Without including any pictures, give back all of the data exactly.

Exercise data >>

----------------

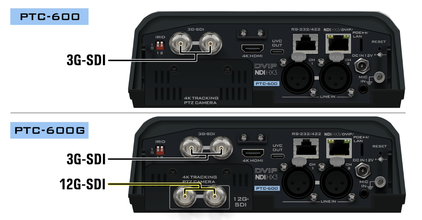 PTC-600 12G-SDI version is equipped with 12G-SDI and HDMI 2.0 interfaces. Both interfaces deliver UHD video output up to 2160p 50/60 while also providing simultaneous 3G-SDI output up to 1080p60/50.
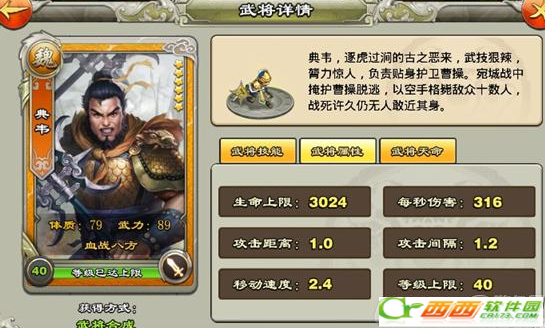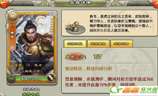 典韦开启技能时,能够先击杀武将附近的刀盾与弓箭手,为典韦全力击杀对方进攻武将创造了条件。同时76%的伤害加成,使得他在遭遇多数六星与少数七星武将的时候都能将其斩落马下
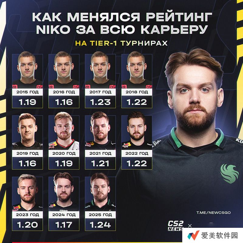 进入2025年以来,NiKo的状态丝毫看不到下降的趋势,他在BLAST赏金赛S1的赛事中稳健输出获得1.09的Rating,IEM卡托维兹的Rating为1.04,接下来的IEM达拉斯预选赛和PGL克卢日-纳波卡赛事迎来了一波爆发,分别获得1.47和1.27的Rating,今年年度Rating来到1.24。
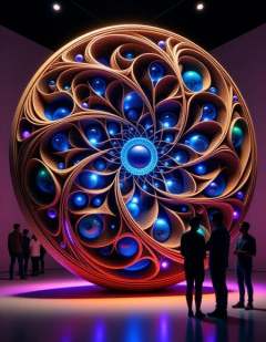 A stunning retro-style sculpture made from walnut wood with a complex fractal design, showcased in a sleek New York gallery. The smooth, mid-century curves of the walnut wood are intricately carved into repeating geometric patterns, with shimmering blue glass elements embedded throughout. The blue glass catches the gallery’s spotlight, reflecting light in vibrant, cool tones against the warm, rich walnut surface. Neon purple, green, and orange LED lights surround the sculpture, casting an ethereal glow and creating dynamic reflections off the glass and wood. Shadowy figures of gallery visitors stand nearby, their silhouettes subtly illuminated by the colorful lights as they gaze at the mesmerizing blend of retro artistry and modern materials<lora:ral-frctlgmtry_flux:0.8> ral-frctlgmtry <lora:woodfigurez:0.8> woodfigurez

----------------

Answer box >>
 PTC-600 12G-SDI version is equipped with 12G-SDI and HDMI 2.0 interfaces. Both interfaces deliver UHD video output up to 2160p 50/60 while also providing simultaneous 3G-SDI output up to 1080p60/50.
 典韦开启技能时,能够先击杀武将附近的刀盾与弓箭手,为典韦全力击杀对方进攻武将创造了条件。同时76%的伤害加成,使得他在遭遇多数六星与少数七星武将的时候都能将其斩落马下
 进入2025年以来,NiKo的状态丝毫看不到下降的趋势,他在BLAST赏金赛S1的赛事中稳健输出获得1.09的Rating,IEM卡托维兹的Rating为1.04,接下来的IEM达拉斯预选赛和PGL克卢日-纳波卡赛事迎来了一波爆发,分别获得1.47和1.27的Rating,今年年度Rating来到1.24。
 A stunning retro-style sculpture made from walnut wood with a complex fractal design, showcased in a sleek New York gallery. The smooth, mid-century curves of the walnut wood are intricately carved into repeating geometric patterns, with shimmering blue glass elements embedded throughout. The blue glass catches the gallery’s spotlight, reflecting light in vibrant, cool tones against the warm, rich walnut surface. Neon purple, green, and orange LED lights surround the sculpture, casting an ethereal glow and creating dynamic reflections off the glass and wood. Shadowy figures of gallery visitors stand nearby, their silhouettes subtly illuminated by the colorful lights as they gaze at the mesmerizing blend of retro artistry and modern materials<lora:ral-frctlgmtry_flux:0.8> ral-frctlgmtry <lora:woodfigurez:0.8> woodfigurez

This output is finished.